#### Exercise requirements
Starting with the line that has "(원투원뉴스) 여주시 가남읍" and finishing with the line that has "ELS Ribbed Blouse", set down each line below exactly. Pictures are not copied.

#### Information provided
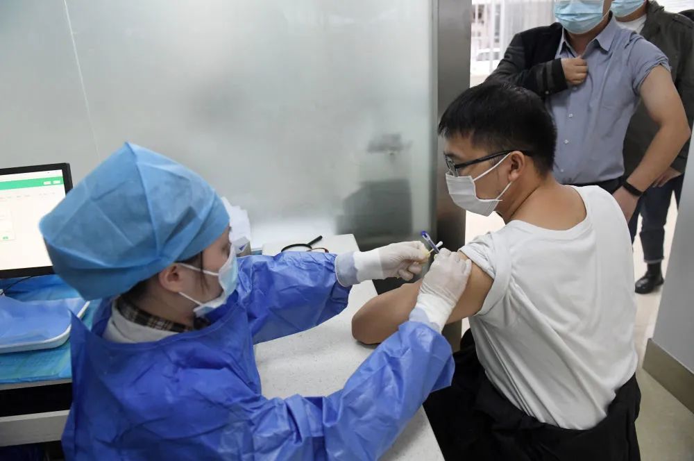 10月16日,在位于合肥市蜀山区琥珀街道的安徽省计划生育科研所医院新冠疫苗接种点,市民在接种新冠疫苗加强针。新华社记者黄博涵摄
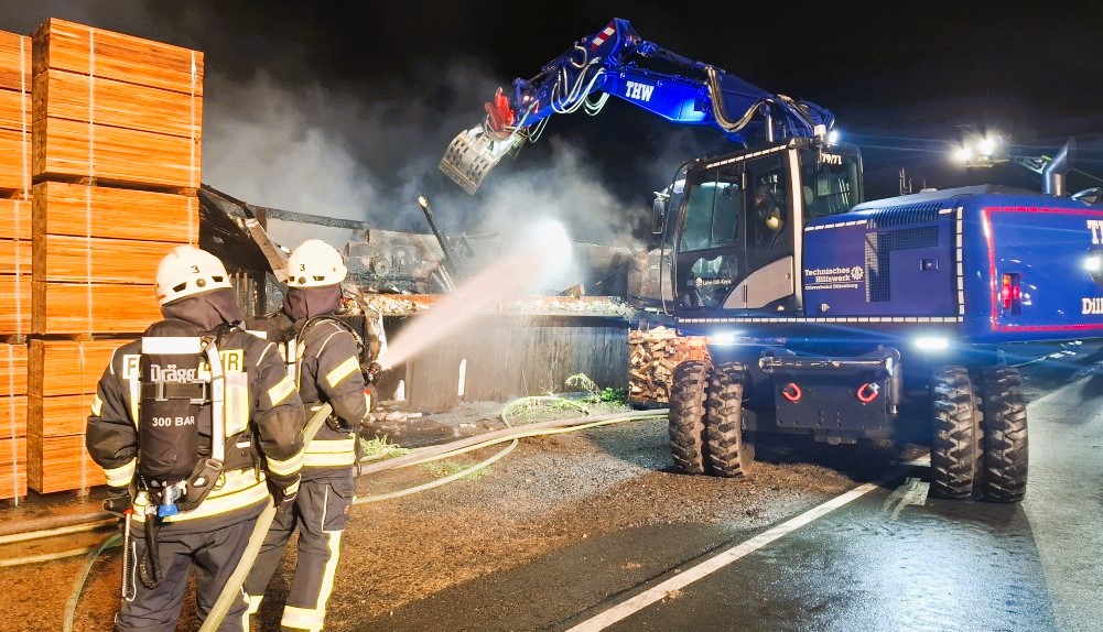 Merenberg (Landkreis Limburg-Weilburg). Die gleiche Gegend (Landkreis Limburg-Weilburg), die gleiche Schadenslage (Großbrand), die gleiche Anforderung (Unterstützung Feuerwehr mit Bagger). Nur 12 Stunden nach dem Einsatz auf einem Pferdehof in Löhnberg mussten unsere Helfer ins benachbarte Merenberg fahren, wo ein Sägewerk in Flammen stand.
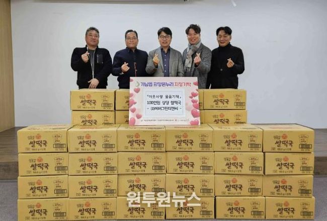 (원투원뉴스) 여주시 가남읍 소재 기업인 ㈜에버그린티앤씨는 민족 대명절인 설을 앞두고 지난 4일, 가남읍 행정복지센터를 방문해 관내 취약계층을 위한 100만 원 상당의 쌀떡국 504개를 기탁했다.
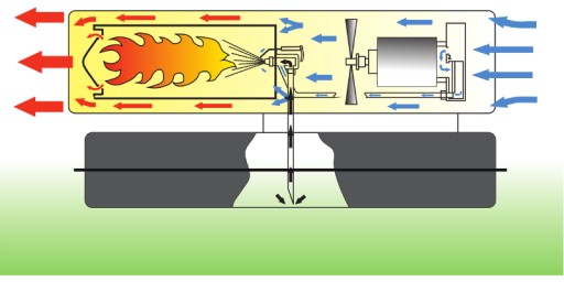 Zimne powietrze jest zasysane do urządzenia, a następnie przepływa w stronę wylotu nagrzewnicy i zostaje ogrzewane w komorze spalania. Paliwo jest pobierane ze zbiornika, po czym następuje jego wtrysk przez dyszę do komory spalania. W wyniku tego działania powstaje ciepło.
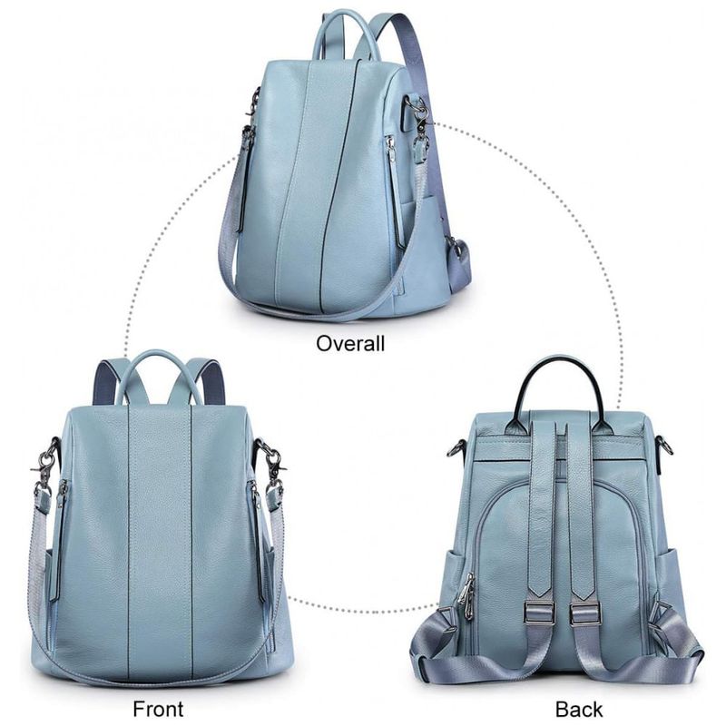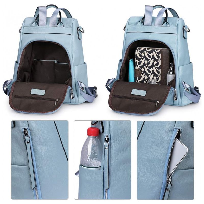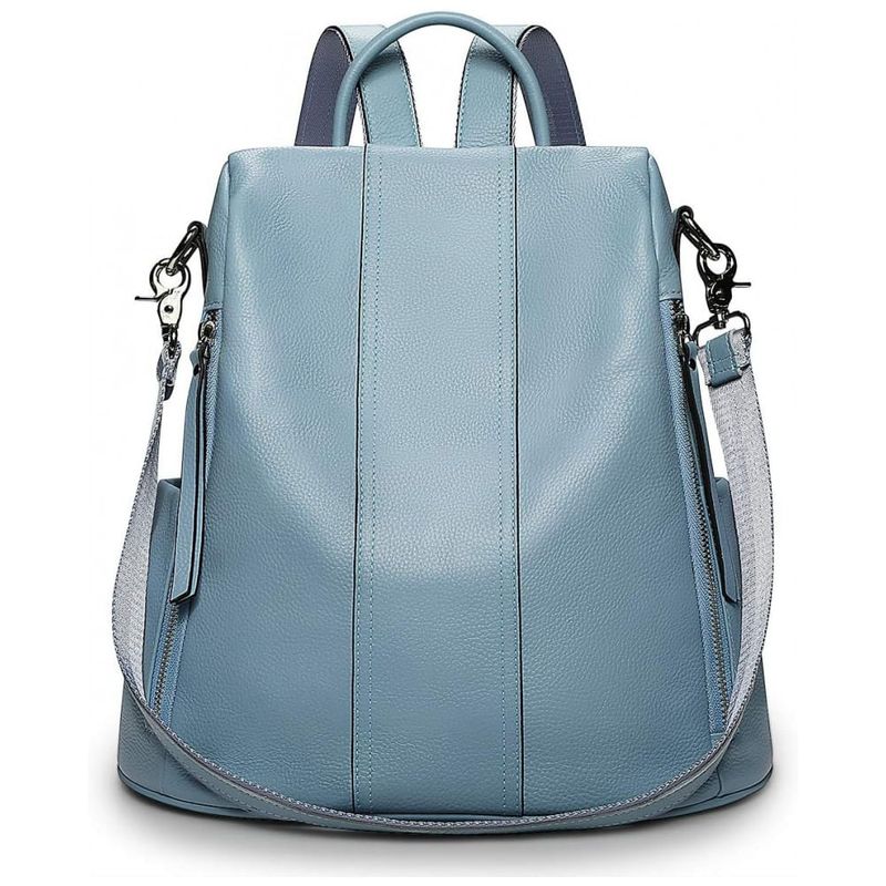 Mochila Feminina de Couro Conversível para Bolsa de Ombro, S ZONE, Azul Claro
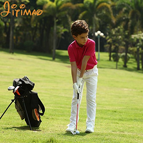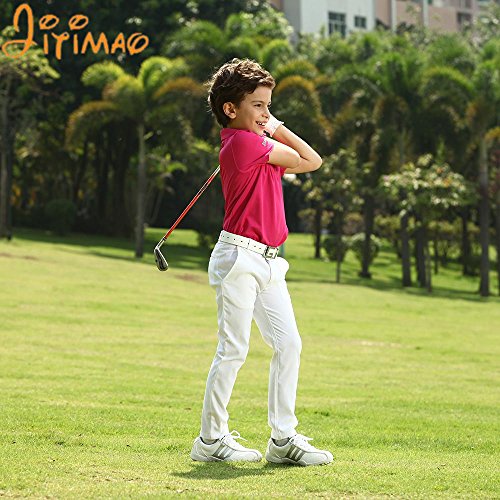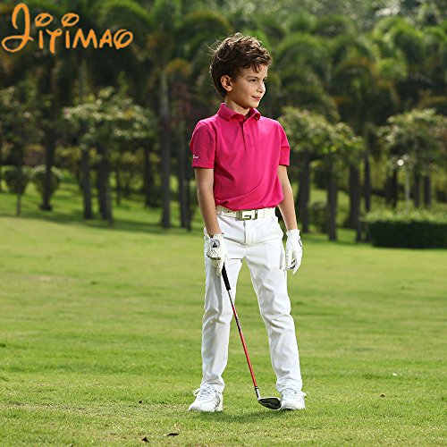 JITIMAO Boy's Golf Shirt Short Sleeve Performance Polo Shirt, White, Medium 9-13 Big Boys
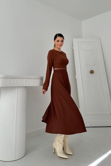 ELS Ribbed Blouse & Skirt Set - Brown - Northampton
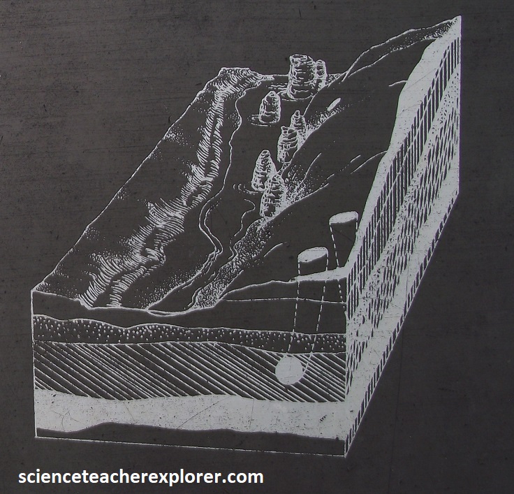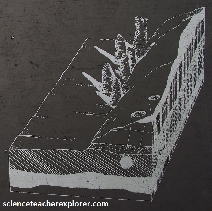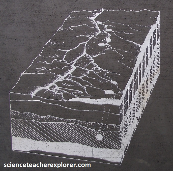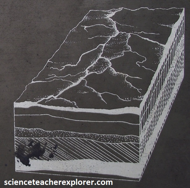 Image above, the earth, tormented within, began a period of restlessness. Upheaval and movement resulted in the formation of the ancestral Appalachian Mountains. Rock layers, formed on the ancient sea floor, were lifted up and folded. The intense pressures from this upheaval left their mark, fracturing and splitting the rock, forming cracks and fissures.
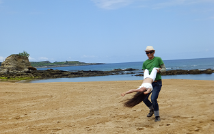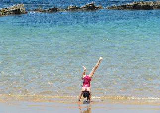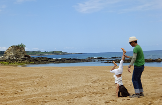 次の日は晴天!ビーチに出て、とりあえずは得意の逆立ち…
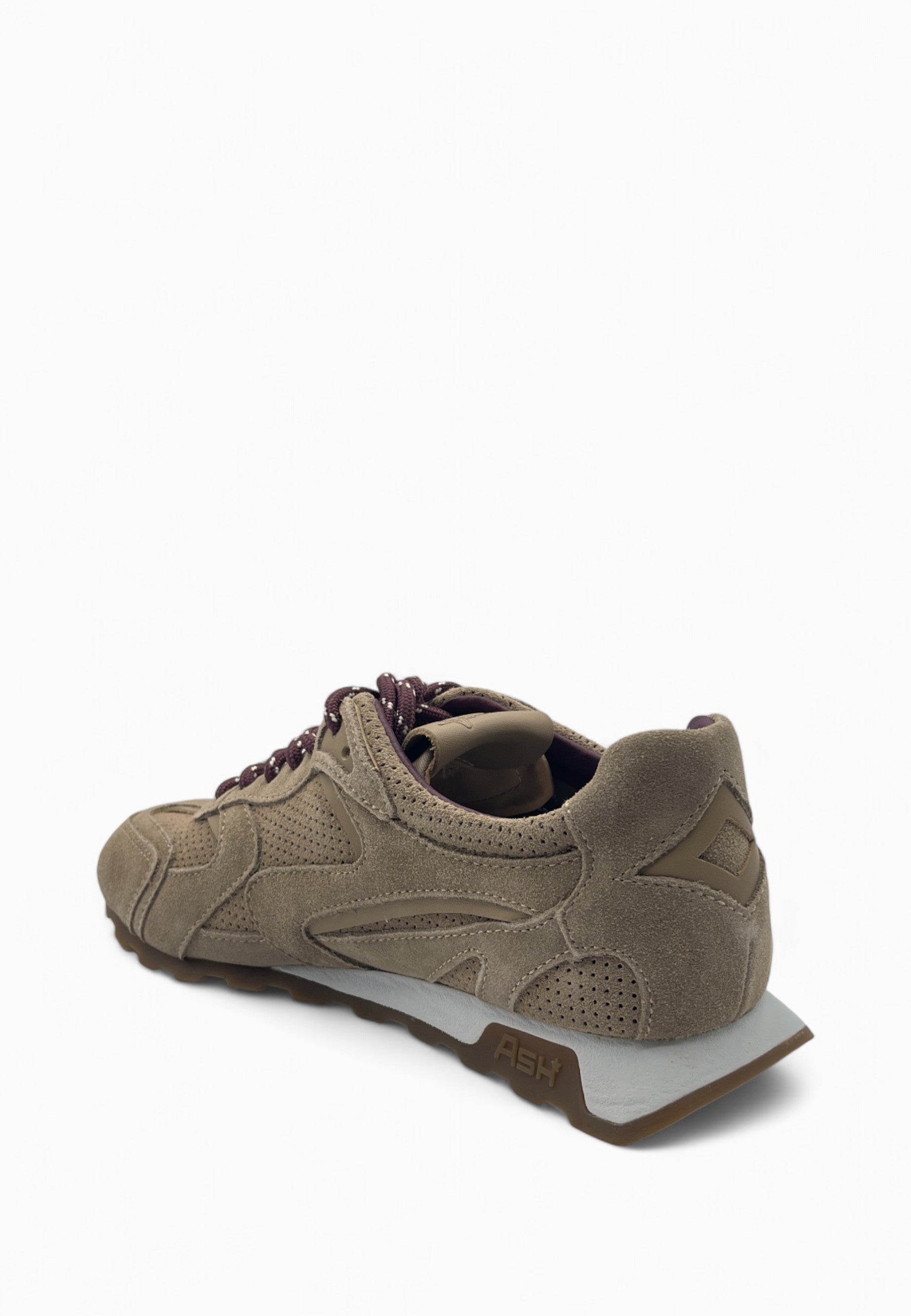 • SNEAKERS SCAMOSCIATA, SUOLA BASSA IN CONTRASTO ,STRINGHE TUBOLARI COLORE BORDEAUX
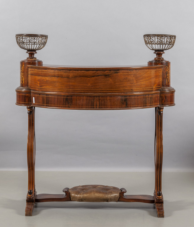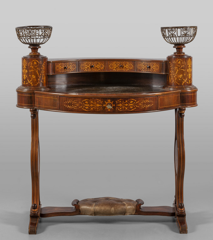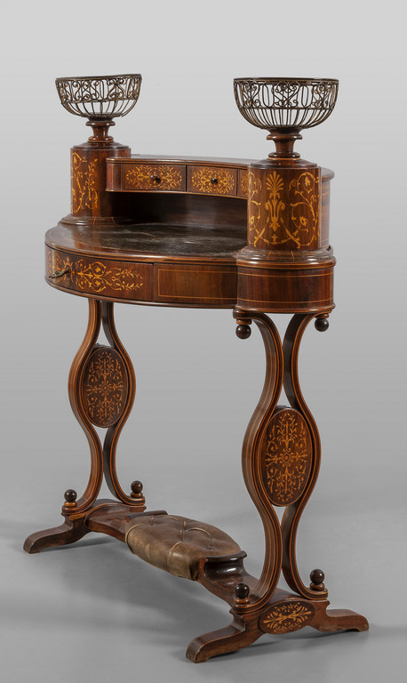 Rara scrivania Carlo X da centro lastronata in palissandro e finemente intarsiata in bosso Torino I metà sec.XIX (una molto simile si trova nel Castello di Stupinigi)
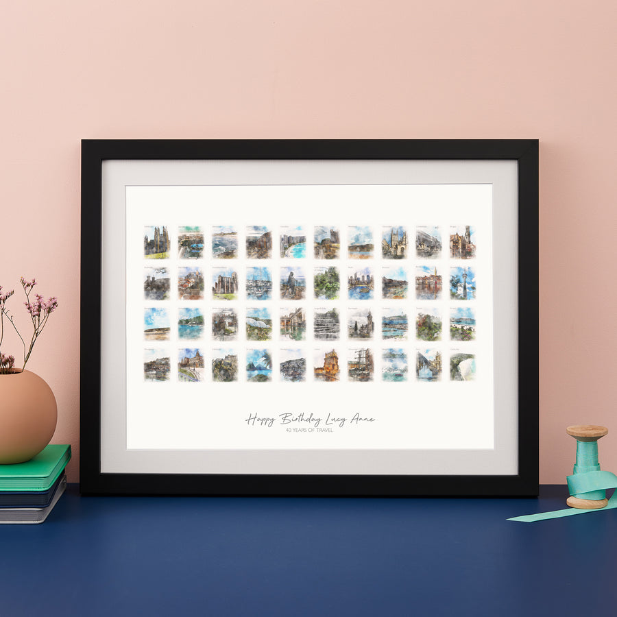 40th Birthday or Anniversary Watercolour Favourite Places Memories Print
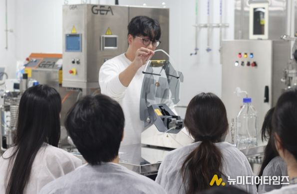 교육 과정에는 ▲GMP(우수 의약품 제조 및 품질관리기준) 제조소 투어 ▲GMP 문서관리 이론 교육 ▲배양·정제 공정 VR(가상현실) 체험 ▲원료 칭량 및 배지 조제 등 배양 실습 ▲버퍼 조제 등 정제 실습 ▲이화학·미생물 시험 등 실제 생산 환경을 반영한 단계별 실습이 포함돼, 단순히 이론 전달을 넘어 바이오의약품 제조 흐름을 현장감 있게 이해할 수 있도록 구성됐다.
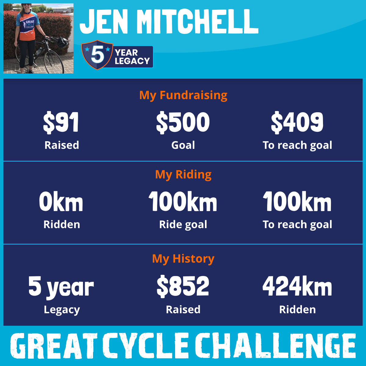424 km Ridden$725 Raised2017
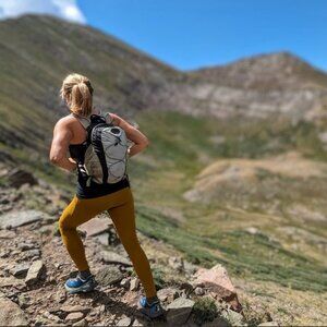 Active Pursuits Ribbed Tights from REI CoOp in a women's size Small. Golden Olive color was the official color from REI but it reminds me of a golden raisin color. Normal wear from use and wash.
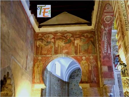 En la nave de la epístola de la antigua iglesia de San Román, entre arcos de herradura, califales y lobulados, vemos sus preciosas pinturas de tipo románico toledano, con papas y santos cristianos y por encima tres escenas correspondientes a los tetramorfos.

#### Written reply
 (원투원뉴스) 여주시 가남읍 소재 기업인 ㈜에버그린티앤씨는 민족 대명절인 설을 앞두고 지난 4일, 가남읍 행정복지센터를 방문해 관내 취약계층을 위한 100만 원 상당의 쌀떡국 504개를 기탁했다.
 Zimne powietrze jest zasysane do urządzenia, a następnie przepływa w stronę wylotu nagrzewnicy i zostaje ogrzewane w komorze spalania. Paliwo jest pobierane ze zbiornika, po czym następuje jego wtrysk przez dyszę do komory spalania. W wyniku tego działania powstaje ciepło.
 Mochila Feminina de Couro Conversível para Bolsa de Ombro, S ZONE, Azul Claro
 JITIMAO Boy's Golf Shirt Short Sleeve Performance Polo Shirt, White, Medium 9-13 Big Boys
 ELS Ribbed Blouse & Skirt Set - Brown - Northampton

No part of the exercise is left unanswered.